Realtime frame interpolation upscaling 30fps to 60fps

Kasersky

Regular
Introduction: So the problem these days is that in order to achieve the graphical fidelity to the current industry standards developers most often have to sacrifice framerate.

Now what if you could take 30fps or lower than use motion interpolation achieve picture which could be made to look like 60fps. Our friends at DF recently wrote discussing this very thing. Seems that this sorta thing can be achieved though current console hardware nearly "free".

http://www.eurogamer.net/articles/digitalfoundry-force-unleashed-60fps-tech-article

although exhibits some artifacting it is alot less noticeable in motion and though iteration artifacting can probably be reduced.
http://images.eurogamer.net/assets/articles//a/1/2/3/9/2/6/4/interpolation_prototype.jpg.jpg

Slides:
http://and.intercon.ru/rtfrucvg_html_slides/ (Dmitry Andreev)
http://and.intercon.ru/releases/talks/rtfrucvg/

Movies:
360 Demo HD
http://www.megaupload.com/?d=EQUOQ9RW (177MB)

Prototype HD
http://www.megaupload.com/?d=2QN7NZ3N (111MB)

Both SD
http://www.megaupload.com/?d=UR37CHZP (90MB)
uploading....
 
Last edited by a moderator:
So i guess i'll get this started...

one of the things that i was thinking of was that this actually wouldnt improve input latency at all because you'd essentially need the current frame and future frame to build an interpolated frame however seems that they actually use the front buffer and use it directly meaning there is an update that your eye will perceive thus improving latency.

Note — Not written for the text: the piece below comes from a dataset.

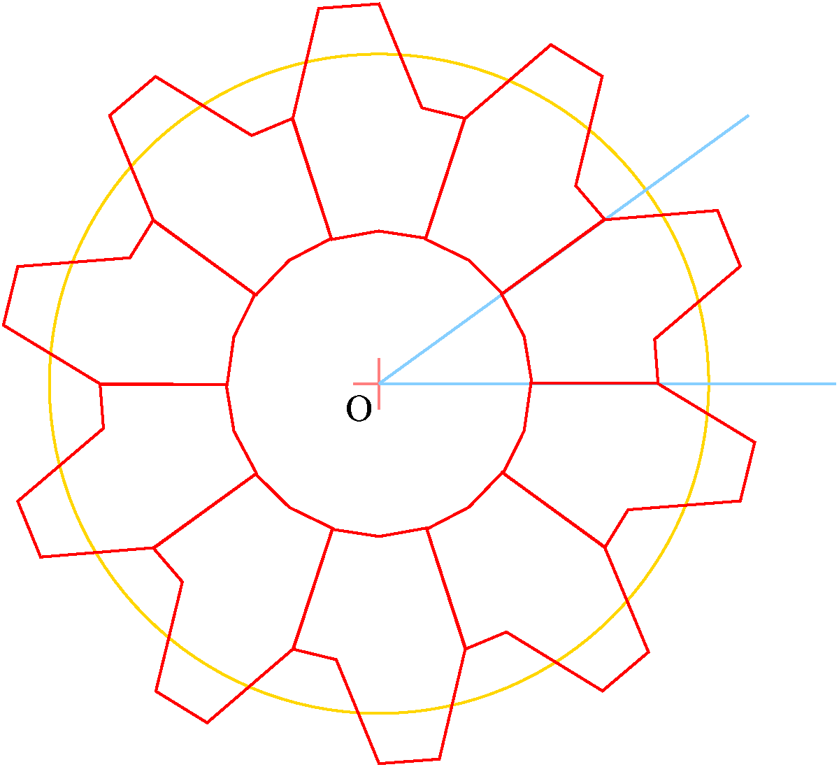 La roue est centrée à l'origine et composée de blocs de dents ; le bloc de dent initial est en rouge dans le schéma.

The most simple and efficient solution is to do the interpolation in-place, during the current frame, while the previous one is on screen. This way the previous front buffer can be mapped as a texture (X360) and used for interpolation directly. In terms of latency there is something interesting going on. I said that there is no extra latency, which is true. But if you think about it, latency is actually reduced. Because we get the new visual result 16.6 ms earlier.
 
My concern with these systems is always what happens when they go out of their baseline operating parameters (i.e. sub 30fps). Credit where credit is due, he does seem to have examined this:

According to Andreev, if the game drops below 30FPS the PS3 is still able to carry out the "flip" at the right point between the two frames. However, on Xbox 360, Microsoft's TCRs - the technical rules which dictate what you can and can't do with its hardware - insist that all calls to the graphics hardware go through their own APIs, and there isn't an equivalent system in place on DirectX.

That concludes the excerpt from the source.